*What to produce*
The whole listing that follows is to be restated word for word, images excluded.

*Dataset content*
------------------------------
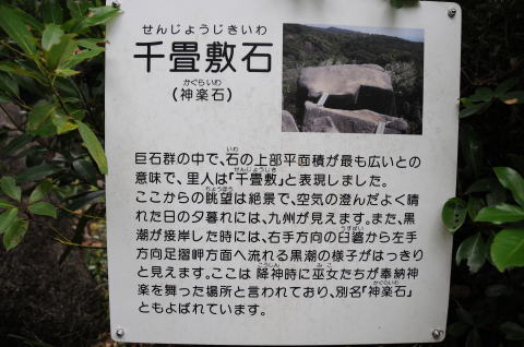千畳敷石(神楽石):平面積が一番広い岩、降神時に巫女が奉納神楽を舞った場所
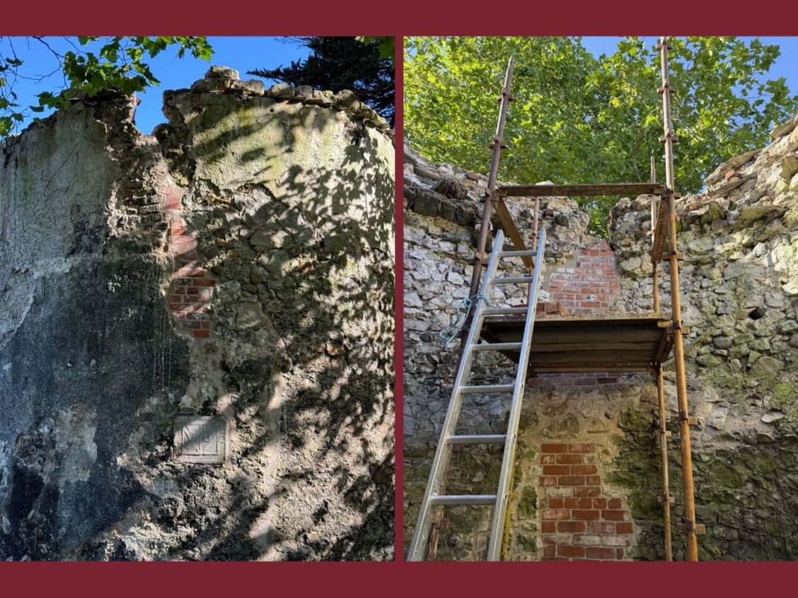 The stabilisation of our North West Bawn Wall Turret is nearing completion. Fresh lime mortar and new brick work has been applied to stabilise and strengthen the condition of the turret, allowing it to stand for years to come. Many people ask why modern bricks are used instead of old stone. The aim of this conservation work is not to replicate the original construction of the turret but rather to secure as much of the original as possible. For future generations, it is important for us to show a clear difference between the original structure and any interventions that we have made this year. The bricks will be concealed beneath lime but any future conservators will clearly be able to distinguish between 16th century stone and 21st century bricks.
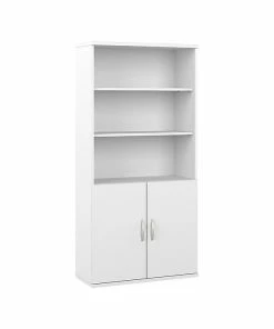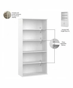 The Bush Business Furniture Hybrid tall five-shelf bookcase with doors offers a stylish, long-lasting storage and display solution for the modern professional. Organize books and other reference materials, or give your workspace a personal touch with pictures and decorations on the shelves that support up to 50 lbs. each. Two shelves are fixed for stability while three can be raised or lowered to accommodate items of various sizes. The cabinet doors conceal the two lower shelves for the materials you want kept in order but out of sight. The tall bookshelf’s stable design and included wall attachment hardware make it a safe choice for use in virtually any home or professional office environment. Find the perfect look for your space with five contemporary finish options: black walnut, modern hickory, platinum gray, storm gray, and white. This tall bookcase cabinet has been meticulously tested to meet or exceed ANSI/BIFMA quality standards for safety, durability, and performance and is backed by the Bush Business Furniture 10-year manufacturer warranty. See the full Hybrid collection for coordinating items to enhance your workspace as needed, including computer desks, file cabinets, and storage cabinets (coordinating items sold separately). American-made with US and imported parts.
------------------------------
*Answer to the problem*
千畳敷石(神楽石):平面積が一番広い岩、降神時に巫女が奉納神楽を舞った場所
 The stabilisation of our North West Bawn Wall Turret is nearing completion. Fresh lime mortar and new brick work has been applied to stabilise and strengthen the condition of the turret, allowing it to stand for years to come. Many people ask why modern bricks are used instead of old stone. The aim of this conservation work is not to replicate the original construction of the turret but rather to secure as much of the original as possible. For future generations, it is important for us to show a clear difference between the original structure and any interventions that we have made this year. The bricks will be concealed beneath lime but any future conservators will clearly be able to distinguish between 16th century stone and 21st century bricks.
 The Bush Business Furniture Hybrid tall five-shelf bookcase with doors offers a stylish, long-lasting storage and display solution for the modern professional. Organize books and other reference materials, or give your workspace a personal touch with pictures and decorations on the shelves that support up to 50 lbs. each. Two shelves are fixed for stability while three can be raised or lowered to accommodate items of various sizes. The cabinet doors conceal the two lower shelves for the materials you want kept in order but out of sight. The tall bookshelf’s stable design and included wall attachment hardware make it a safe choice for use in virtually any home or professional office environment. Find the perfect look for your space with five contemporary finish options: black walnut, modern hickory, platinum gray, storm gray, and white. This tall bookcase cabinet has been meticulously tested to meet or exceed ANSI/BIFMA quality standards for safety, durability, and performance and is backed by the Bush Business Furniture 10-year manufacturer warranty. See the full Hybrid collection for coordinating items to enhance your workspace as needed, including computer desks, file cabinets, and storage cabinets (coordinating items sold separately). American-made with US and imported parts.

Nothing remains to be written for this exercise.